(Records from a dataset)
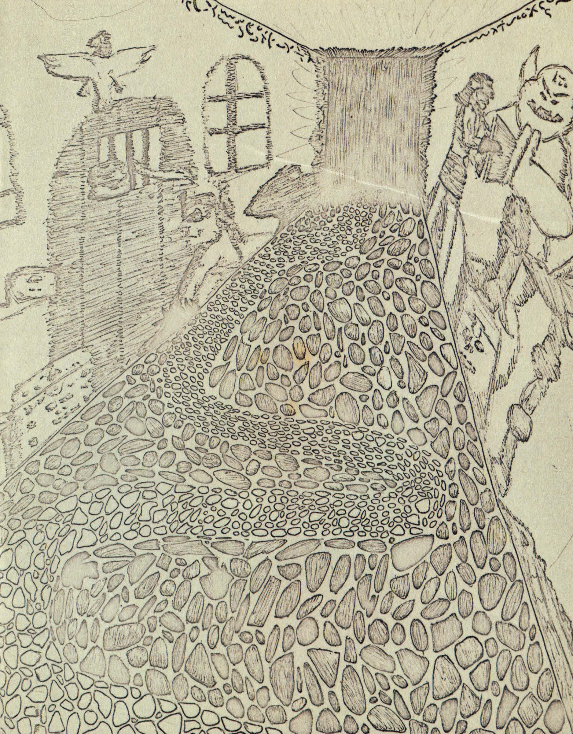 The party cautiously followed the mosaic path, tapping the floor ahead to try to detect pit traps. None were found.
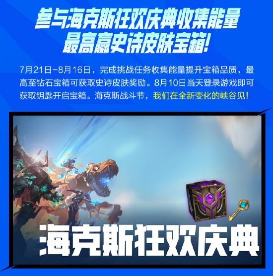 7月21日起至8月16日,完成每日指定挑战任务,还可收集能量。积累能量可升级宝箱,至高能升级至钻石宝箱。8月10日当天,登录游戏即可获取宝箱钥匙,召唤师将有机会开出史诗皮肤!
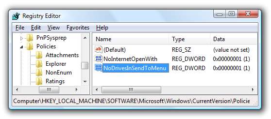 HKEY_LOCAL_MACHINE \ SOFTWARE \ Microsoft \ Windows \ CurrentVersion \ Policies \ Explorer
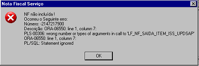 Descrição da Nota: Tratamento na tela para que não ocorra a mensagem ORA-06550.
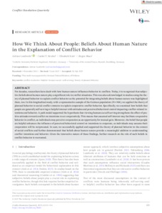 How we think about people : Beliefs about human nature in the explanation of conflict behavior.
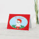 Oso polar de Navidad lindo sobre azul claro y rojo Tarjeta de vacaciones.
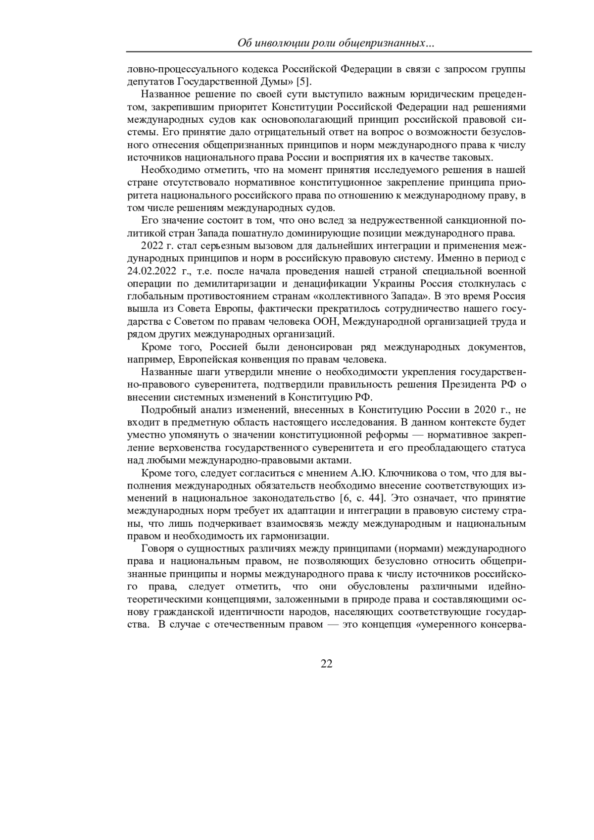 6. Ключников А.Ю. Разрешение судами конфликта международного и национального права // Российский судья. - 2024. - № 12. - С. 44-48. EDN: AIUBFW
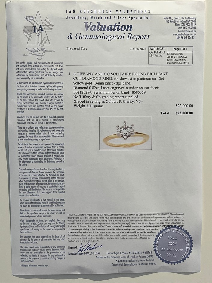 • Signed Tiffany & Co PT950 750 18695359 .82ct. Accompanied with Valuation Reference Number 36057 dated 20/03/2024 along with Tiffany & Co Green Box and Black Ring Box.
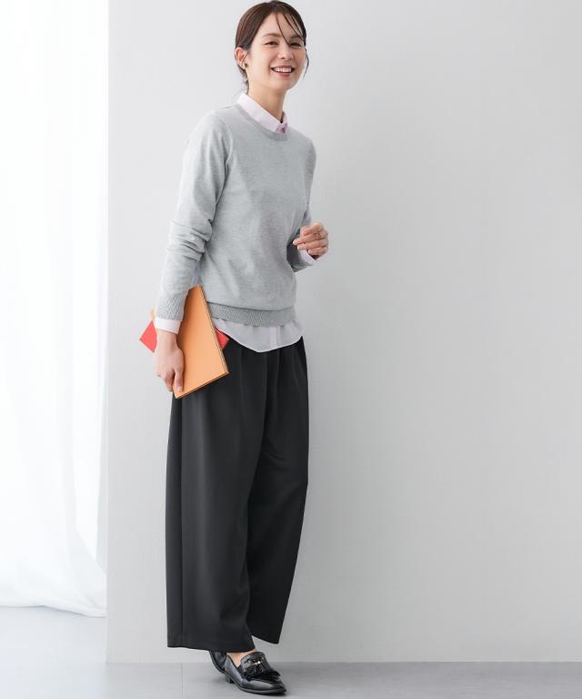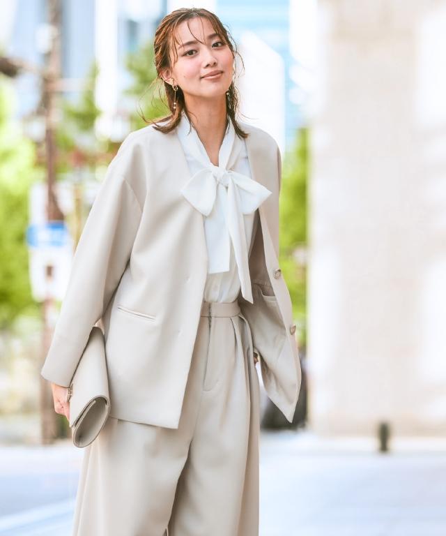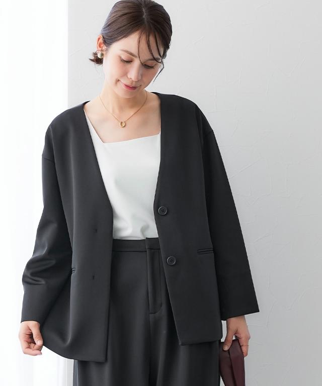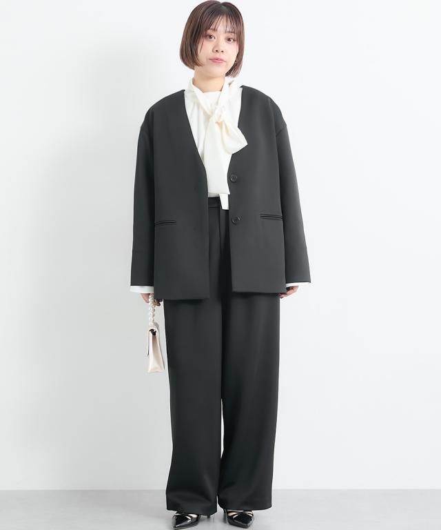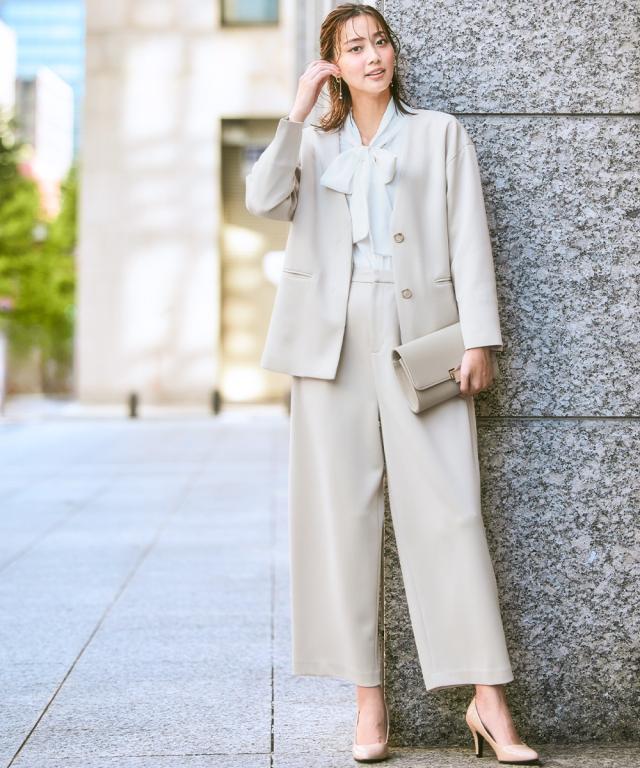 スーツ レディース ダンボール ニット 素材ノーカラー ジャケット +ワイド パンツ 春 秋 ビジネス セットアップ | S/M/L | ニッセン nissen
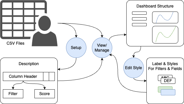 Setup Local Reports View/Manage Local Reports Edit Label & Style for ReportsThe relationship between source CSV files, CSV description, Dashboard, and Style can be described as the following:
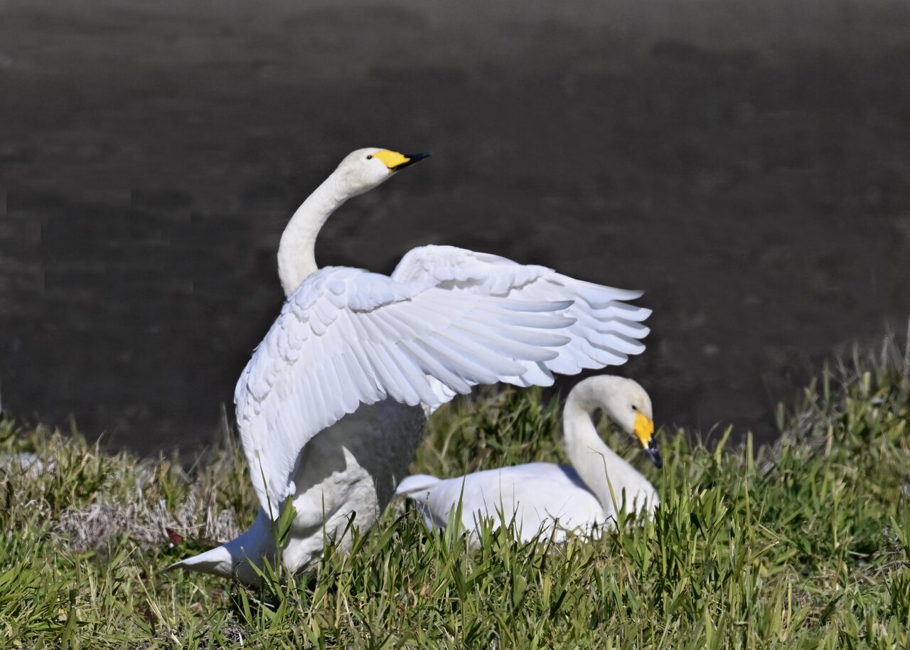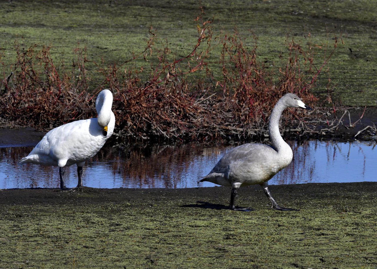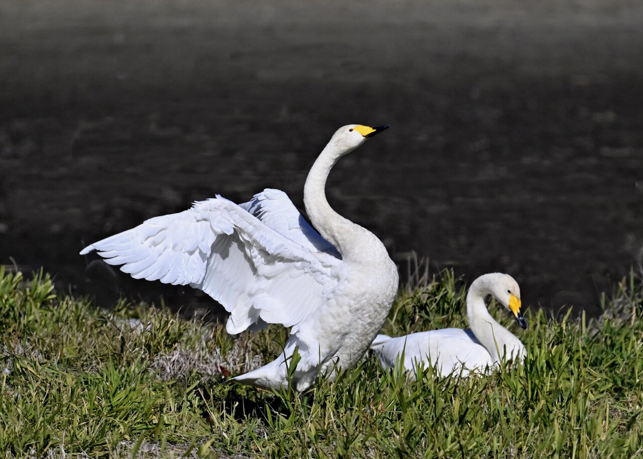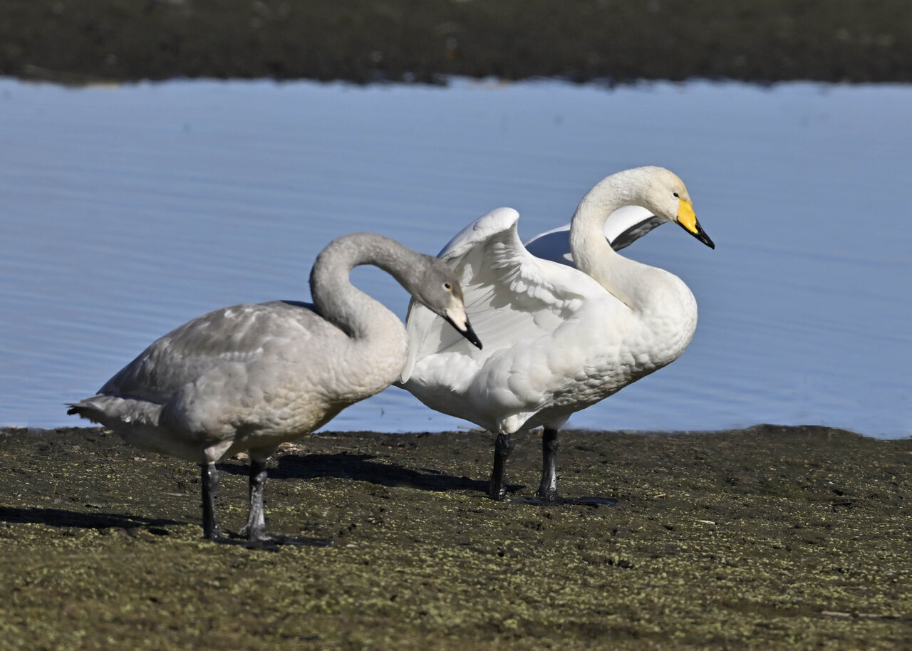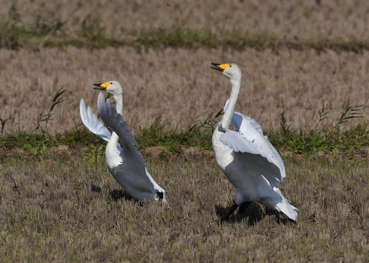 毎年やって来るアメリカコハクチョウのペアーもまだ飛来して無く、オオハクチョウとコハクチョウのみが見られました。
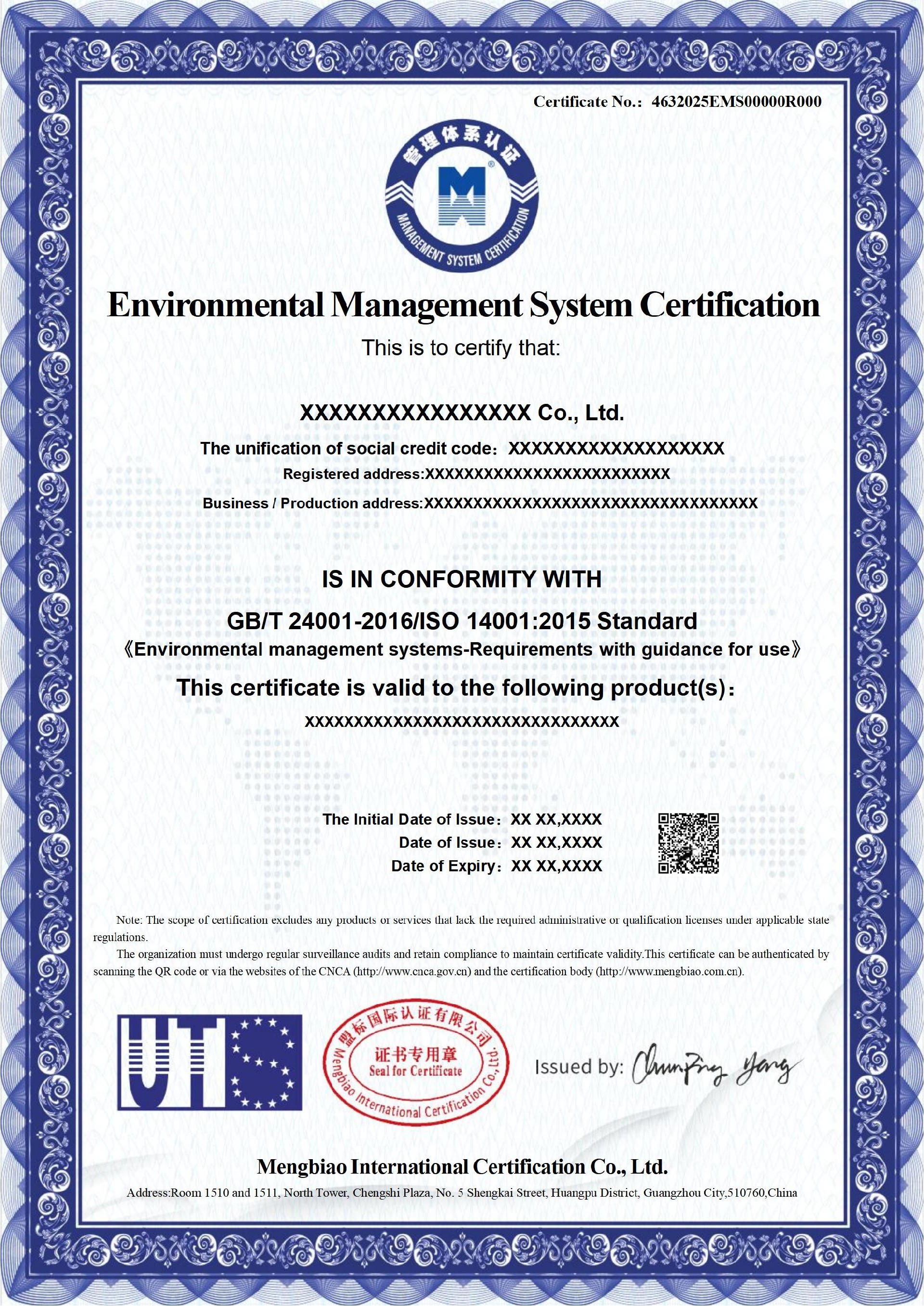 環(huán)境管理體系認(rèn)證證書——英文版證書
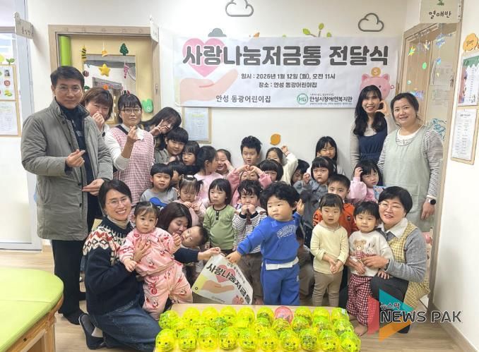 안성 동광어린이집 김영주 원장은 “아이들이 스스로 모은 작은 동전 하나하나에 이웃을 생각하는 따뜻한 마음이 담겨 있다”며 “아이들이 나눔의 기쁨을 느끼고, 그 마음이 지역사회로 이어지길 바란다”고 전했다.
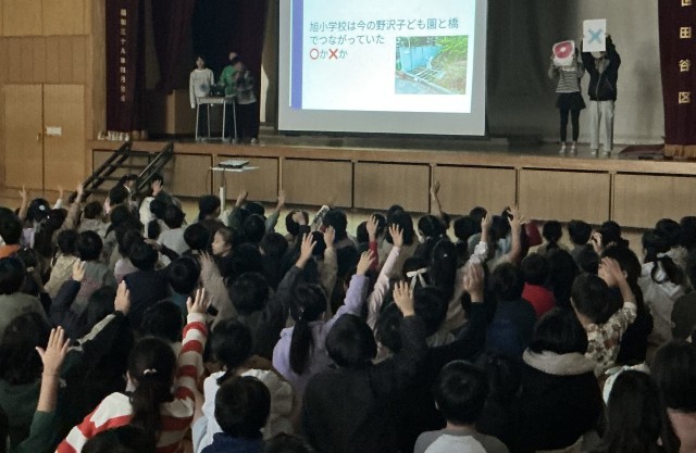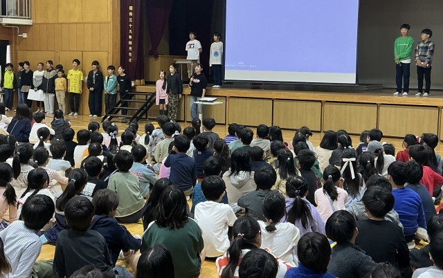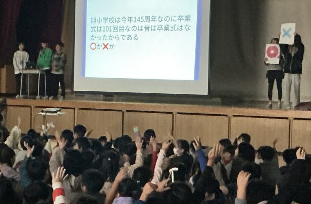 児童集会 公開日 2025/11/04 更新日 2025/11/04 今日のできごと 集会委員会の児童が、旭小学校開校145周年に関するクイズを出題しました。子どもたちは○×クイズで、正解すると大喜びでした。
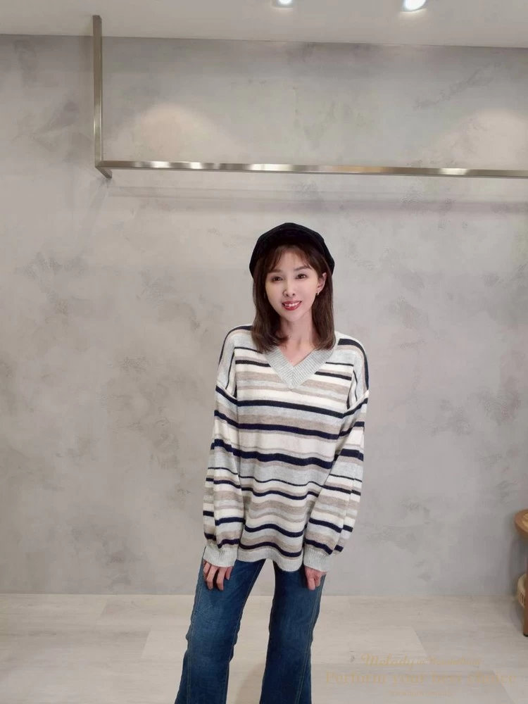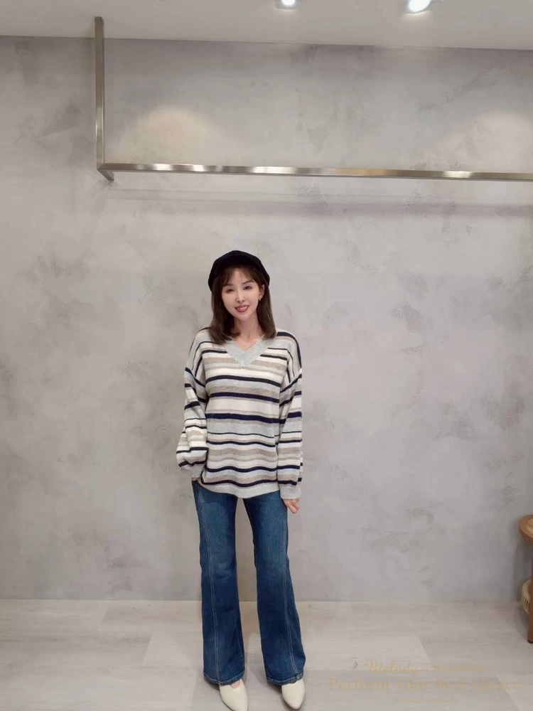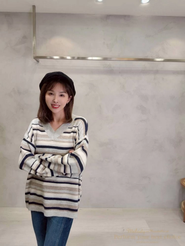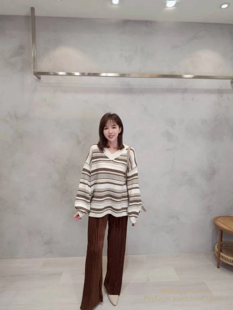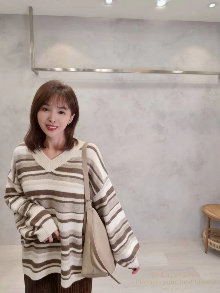 V領拚色條紋長版上衣(4色)

WHAT IS BEING ASKED |
Return only the stretch above from the line containing "6. Ключников А.Ю." through the line containing "スーツ レディース ダンボール", word for word and without pictures.

SOLUTION TO THE PROBLEM |
 6. Ключников А.Ю. Разрешение судами конфликта международного и национального права // Российский судья. - 2024. - № 12. - С. 44-48. EDN: AIUBFW
 • Signed Tiffany & Co PT950 750 18695359 .82ct. Accompanied with Valuation Reference Number 36057 dated 20/03/2024 along with Tiffany & Co Green Box and Black Ring Box.
 スーツ レディース ダンボール ニット 素材ノーカラー ジャケット +ワイド パンツ 春 秋 ビジネス セットアップ | S/M/L | ニッセン nissen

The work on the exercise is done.